■ Dataset entries:
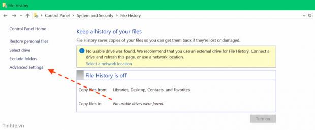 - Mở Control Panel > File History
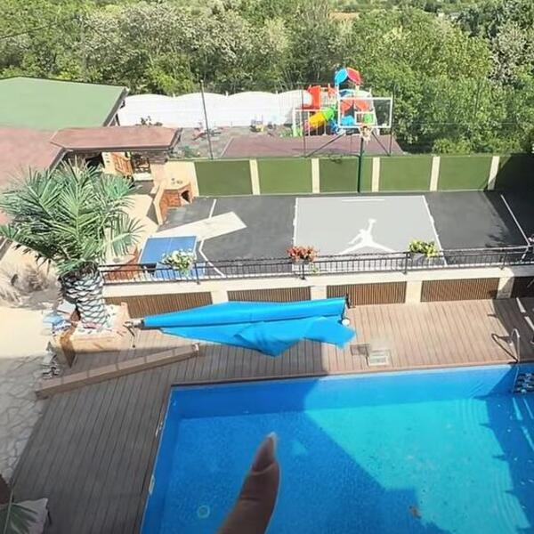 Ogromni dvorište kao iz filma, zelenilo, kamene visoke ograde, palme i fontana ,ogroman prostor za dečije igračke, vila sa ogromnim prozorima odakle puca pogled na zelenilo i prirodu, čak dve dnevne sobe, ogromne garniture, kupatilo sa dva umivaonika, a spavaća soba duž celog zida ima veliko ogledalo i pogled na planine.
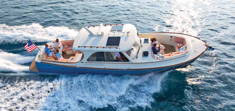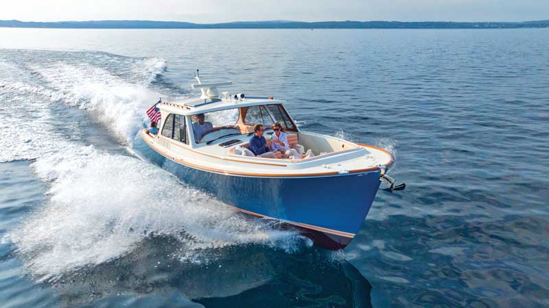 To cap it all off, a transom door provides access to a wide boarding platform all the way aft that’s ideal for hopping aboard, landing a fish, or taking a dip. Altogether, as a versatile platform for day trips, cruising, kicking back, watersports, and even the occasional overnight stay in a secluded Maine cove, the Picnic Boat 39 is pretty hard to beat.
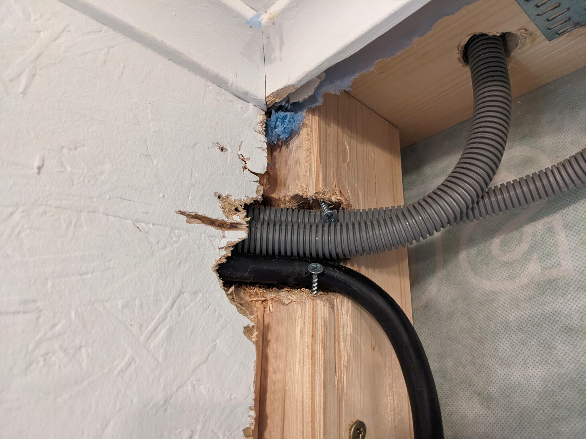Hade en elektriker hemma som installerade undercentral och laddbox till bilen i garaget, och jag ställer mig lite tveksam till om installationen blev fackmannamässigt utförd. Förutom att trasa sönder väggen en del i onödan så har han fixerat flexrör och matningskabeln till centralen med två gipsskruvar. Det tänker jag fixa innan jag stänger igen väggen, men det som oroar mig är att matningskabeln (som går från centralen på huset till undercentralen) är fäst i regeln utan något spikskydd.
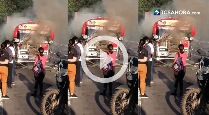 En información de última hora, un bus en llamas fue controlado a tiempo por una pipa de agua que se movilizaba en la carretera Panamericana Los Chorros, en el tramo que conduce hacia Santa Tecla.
* * *
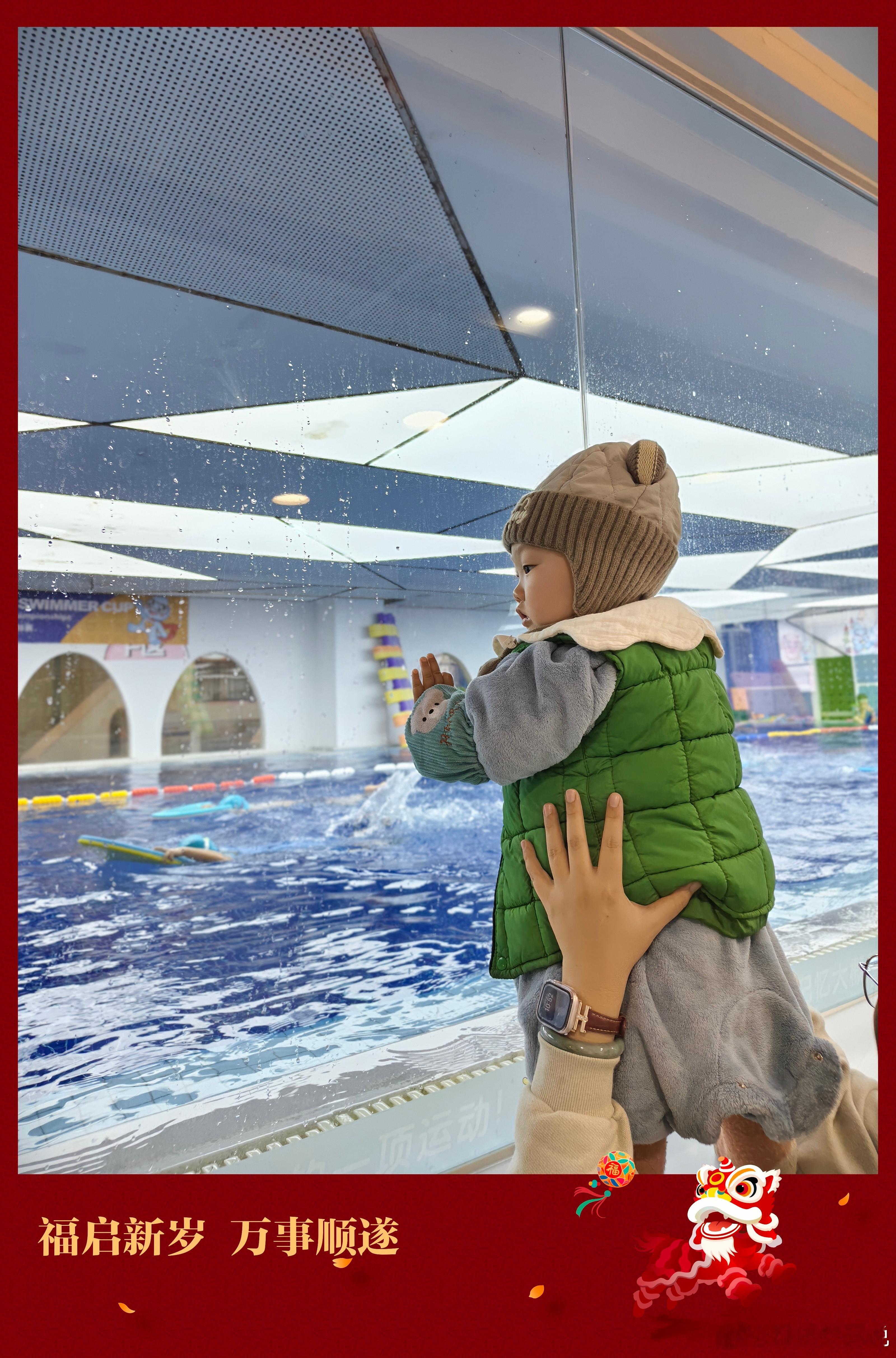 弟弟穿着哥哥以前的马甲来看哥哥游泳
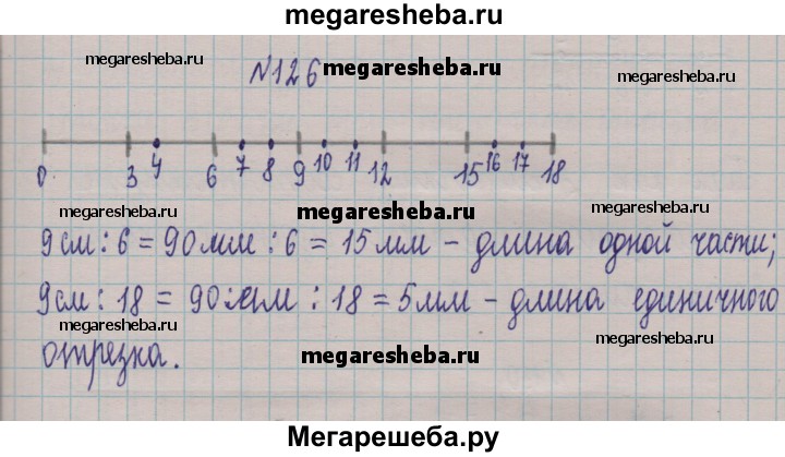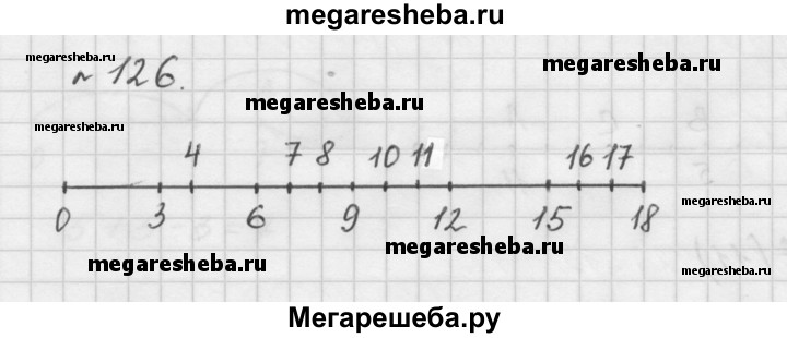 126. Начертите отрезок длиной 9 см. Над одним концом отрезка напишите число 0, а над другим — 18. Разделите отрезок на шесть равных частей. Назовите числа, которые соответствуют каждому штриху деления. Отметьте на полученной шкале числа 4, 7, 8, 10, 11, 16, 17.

■ Exercise brief:
Give back the exact lines above, running from the one that has "Ogromni dvorište kao" through the one that has "En información de", with nothing added and no pictures.

■ Output below:
 Ogromni dvorište kao iz filma, zelenilo, kamene visoke ograde, palme i fontana ,ogroman prostor za dečije igračke, vila sa ogromnim prozorima odakle puca pogled na zelenilo i prirodu, čak dve dnevne sobe, ogromne garniture, kupatilo sa dva umivaonika, a spavaća soba duž celog zida ima veliko ogledalo i pogled na planine.
 To cap it all off, a transom door provides access to a wide boarding platform all the way aft that’s ideal for hopping aboard, landing a fish, or taking a dip. Altogether, as a versatile platform for day trips, cruising, kicking back, watersports, and even the occasional overnight stay in a secluded Maine cove, the Picnic Boat 39 is pretty hard to beat.
Hade en elektriker hemma som installerade undercentral och laddbox till bilen i garaget, och jag ställer mig lite tveksam till om installationen blev fackmannamässigt utförd. Förutom att trasa sönder väggen en del i onödan så har han fixerat flexrör och matningskabeln till centralen med två gipsskruvar. Det tänker jag fixa innan jag stänger igen väggen, men det som oroar mig är att matningskabeln (som går från centralen på huset till undercentralen) är fäst i regeln utan något spikskydd.
 En información de última hora, un bus en llamas fue controlado a tiempo por una pipa de agua que se movilizaba en la carretera Panamericana Los Chorros, en el tramo que conduce hacia Santa Tecla.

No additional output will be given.